INFORMATION SUPPLIED section start

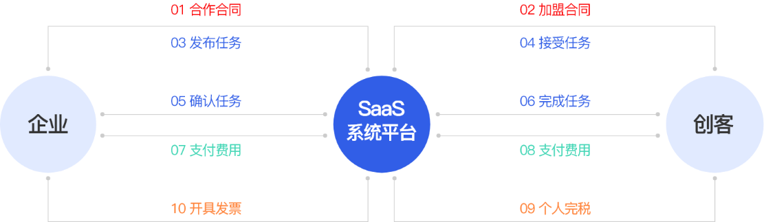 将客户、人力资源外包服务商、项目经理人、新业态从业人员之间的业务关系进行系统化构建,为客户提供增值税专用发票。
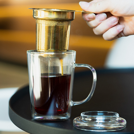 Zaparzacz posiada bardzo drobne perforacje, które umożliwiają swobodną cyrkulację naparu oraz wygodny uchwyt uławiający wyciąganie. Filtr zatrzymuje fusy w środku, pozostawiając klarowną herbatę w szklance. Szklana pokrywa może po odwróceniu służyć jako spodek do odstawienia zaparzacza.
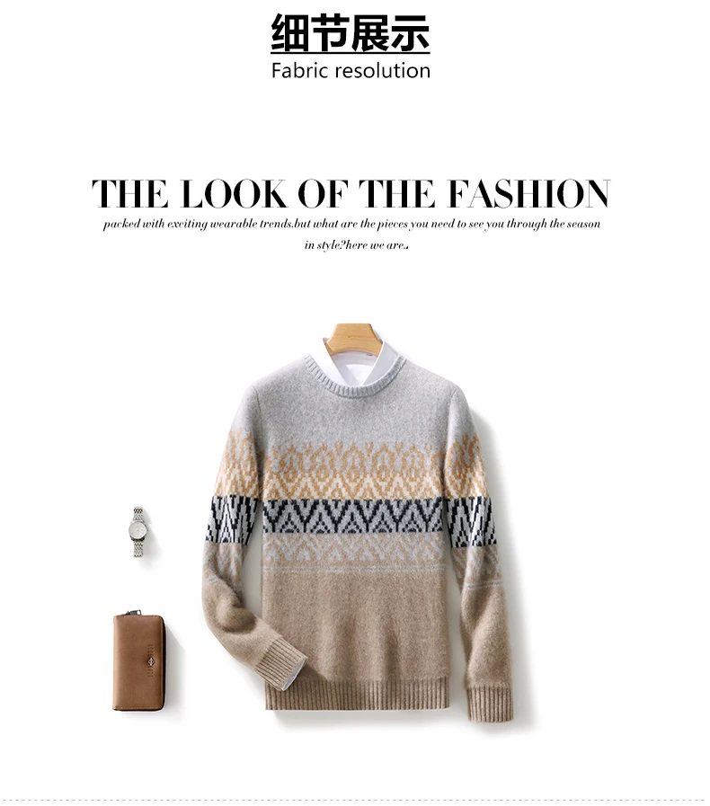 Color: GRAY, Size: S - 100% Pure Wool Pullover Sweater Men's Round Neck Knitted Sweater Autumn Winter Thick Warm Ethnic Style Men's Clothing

INFORMATION SUPPLIED section end
INFORMATION SUPPLIED section start

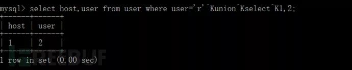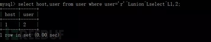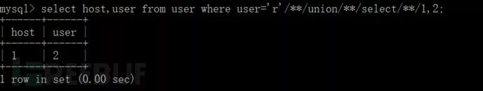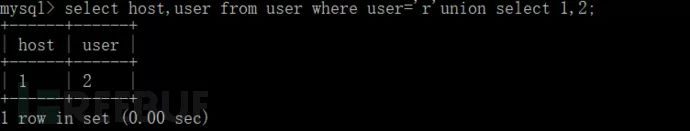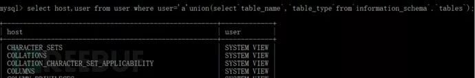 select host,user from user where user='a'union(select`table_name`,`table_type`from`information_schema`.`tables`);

INFORMATION SUPPLIED section end
INFORMATION SUPPLIED section start

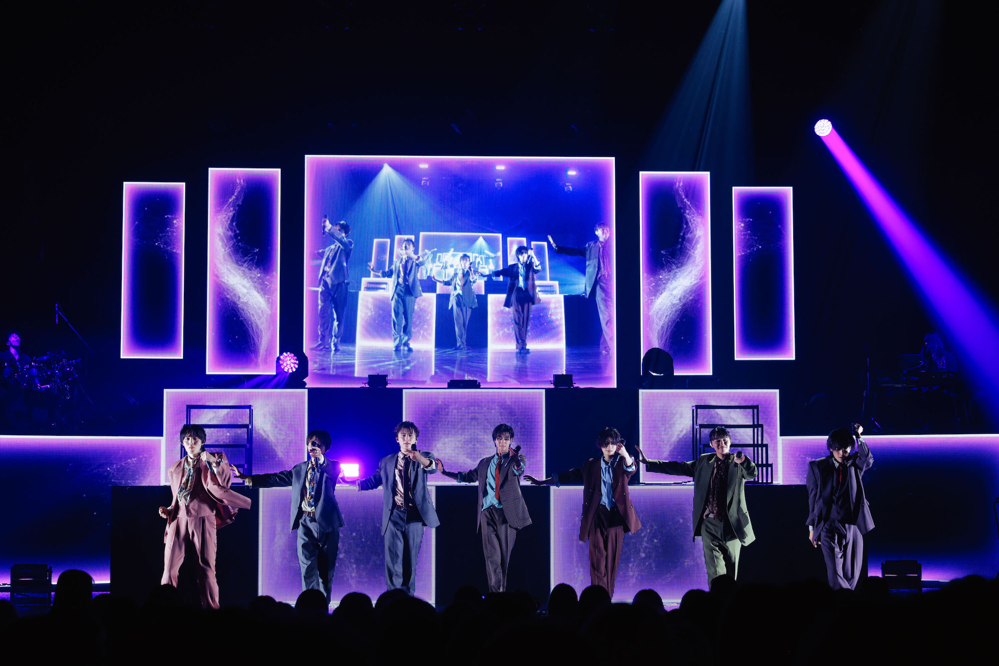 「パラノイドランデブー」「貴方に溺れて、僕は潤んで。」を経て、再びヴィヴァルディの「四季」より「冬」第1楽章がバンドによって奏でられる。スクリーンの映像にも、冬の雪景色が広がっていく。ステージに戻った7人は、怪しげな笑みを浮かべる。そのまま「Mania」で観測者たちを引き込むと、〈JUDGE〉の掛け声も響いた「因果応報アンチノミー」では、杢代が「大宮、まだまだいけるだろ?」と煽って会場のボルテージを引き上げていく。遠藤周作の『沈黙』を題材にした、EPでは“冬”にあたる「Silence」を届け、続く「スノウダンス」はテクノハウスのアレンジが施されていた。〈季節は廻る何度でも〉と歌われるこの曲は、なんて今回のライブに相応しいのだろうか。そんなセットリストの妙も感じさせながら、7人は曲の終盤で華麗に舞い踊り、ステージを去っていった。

INFORMATION SUPPLIED section end

▸ **TASK BRIEF**
Look back at the data above, then output exactly the lines from the line holding "Zaparzacz posiada bardzo" up to and including the line holding "Color: GRAY, Size: S". Leave out the pictures.

▸ **REPLY TO THE TASK**
 Zaparzacz posiada bardzo drobne perforacje, które umożliwiają swobodną cyrkulację naparu oraz wygodny uchwyt uławiający wyciąganie. Filtr zatrzymuje fusy w środku, pozostawiając klarowną herbatę w szklance. Szklana pokrywa może po odwróceniu służyć jako spodek do odstawienia zaparzacza.
 Color: GRAY, Size: S - 100% Pure Wool Pullover Sweater Men's Round Neck Knitted Sweater Autumn Winter Thick Warm Ethnic Style Men's Clothing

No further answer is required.